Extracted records
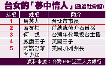 調查顯示,在政治與社會組別中,今年五十四歲的小馬哥再度以超人氣姿態,高居女性「夢中情人」榜首,而其貌不揚的總統陳水扁竟也上榜排第八。在演藝明星組,台灣女人的首號情人是美國影星「帥哥」湯告魯斯。
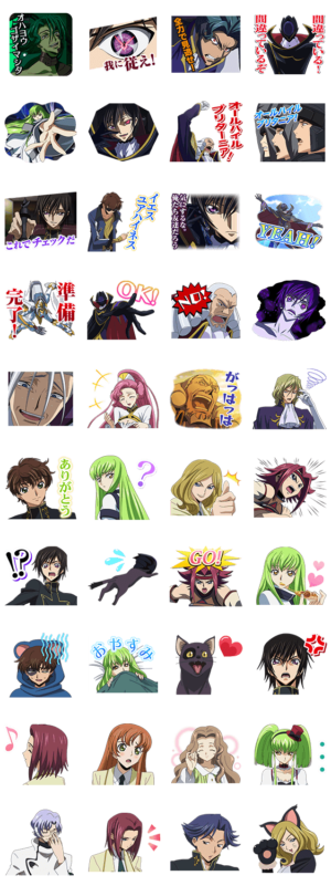 「コードギアス 反逆のルルーシュ」のLINEスタンプが、名シーン、名セリフ満載でついに登場!ルルーシュ・ヴィ・ブリタニアが命じる…全力で押しまくれ!
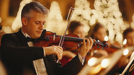 A musician is performing on a violin, a member of the string instrument family, in a classical music orchestra, providing entertainment at an event
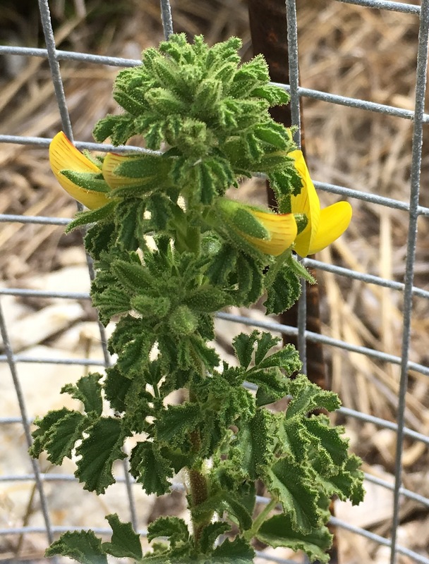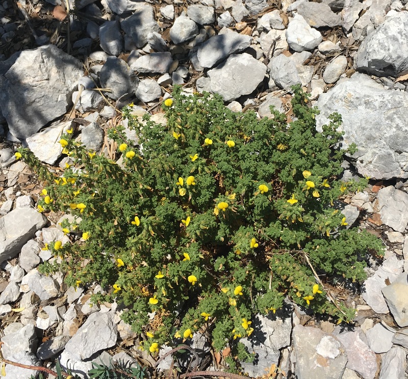 Left: Ononis zschackei in its natural habitat. Right: Detail of the flower of O. zschackei
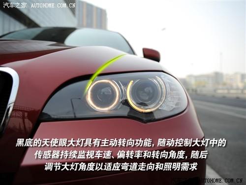 X6在細(xì)節(jié)的設(shè)計(jì)上也沒有偷懶,除了前臉的雙腎形格柵很難創(chuàng)新以外,其他很多細(xì)節(jié)還是很有特色的。格柵下面的蜂窩狀進(jìn)氣口和X5的比較接近,就像鱷魚在咬到獵物之后,即將合上的大嘴一樣。大燈則是非常聰明的主動轉(zhuǎn)向頭燈,天使眼也絕對不會缺席,黑色的底色很配X6的設(shè)計(jì)風(fēng)格。
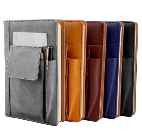 2024 nuevo diseño bolsillos multifunción Cuadernos de negocios cubierta de cuero PU personalizada venta al por mayor diario suministros de oficina
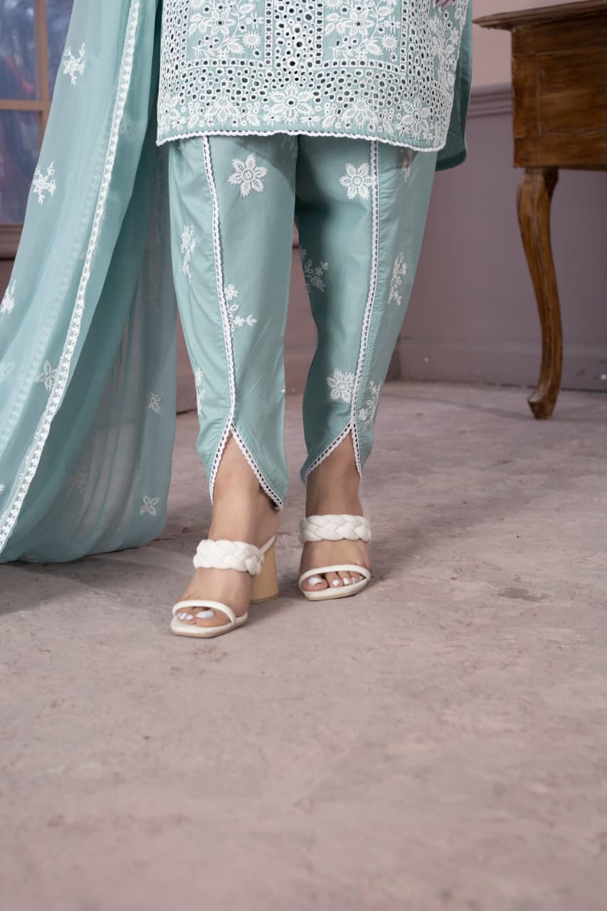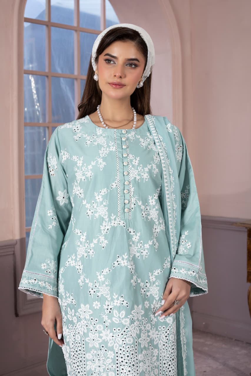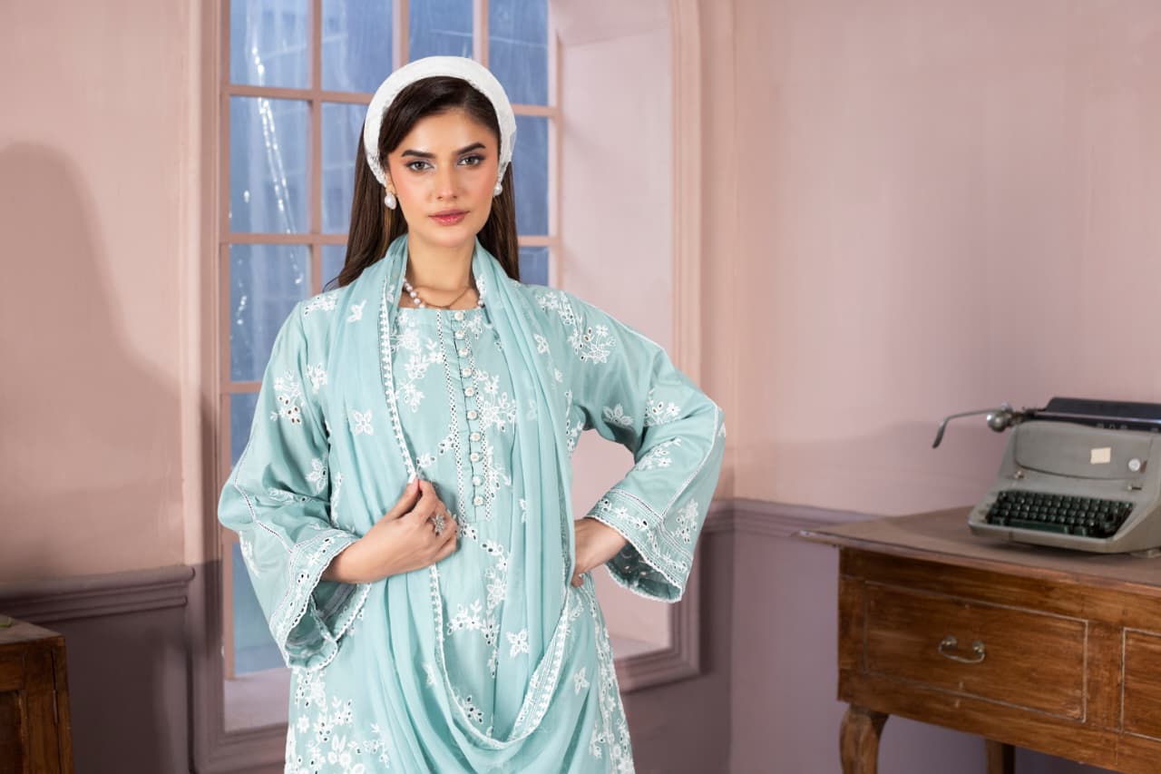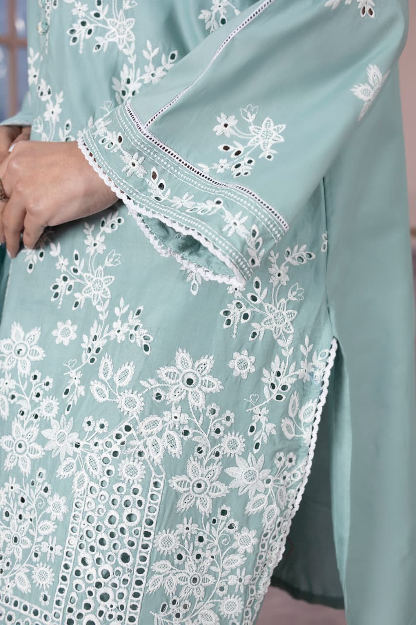 embroidered 3 piece cotton suit with short shirt stitched summer collectionEmbroidered 3 Piece Cotton Suit With Short Shirt -STITCHED- Summer Collection

## Task directions
Omitting the images, output each record precisely as written.

## Exercise response
 調查顯示,在政治與社會組別中,今年五十四歲的小馬哥再度以超人氣姿態,高居女性「夢中情人」榜首,而其貌不揚的總統陳水扁竟也上榜排第八。在演藝明星組,台灣女人的首號情人是美國影星「帥哥」湯告魯斯。
 「コードギアス 反逆のルルーシュ」のLINEスタンプが、名シーン、名セリフ満載でついに登場!ルルーシュ・ヴィ・ブリタニアが命じる…全力で押しまくれ!
 A musician is performing on a violin, a member of the string instrument family, in a classical music orchestra, providing entertainment at an event
 Left: Ononis zschackei in its natural habitat. Right: Detail of the flower of O. zschackei
 X6在細(xì)節(jié)的設(shè)計(jì)上也沒有偷懶,除了前臉的雙腎形格柵很難創(chuàng)新以外,其他很多細(xì)節(jié)還是很有特色的。格柵下面的蜂窩狀進(jìn)氣口和X5的比較接近,就像鱷魚在咬到獵物之后,即將合上的大嘴一樣。大燈則是非常聰明的主動轉(zhuǎn)向頭燈,天使眼也絕對不會缺席,黑色的底色很配X6的設(shè)計(jì)風(fēng)格。
 2024 nuevo diseño bolsillos multifunción Cuadernos de negocios cubierta de cuero PU personalizada venta al por mayor diario suministros de oficina
 embroidered 3 piece cotton suit with short shirt stitched summer collectionEmbroidered 3 Piece Cotton Suit With Short Shirt -STITCHED- Summer Collection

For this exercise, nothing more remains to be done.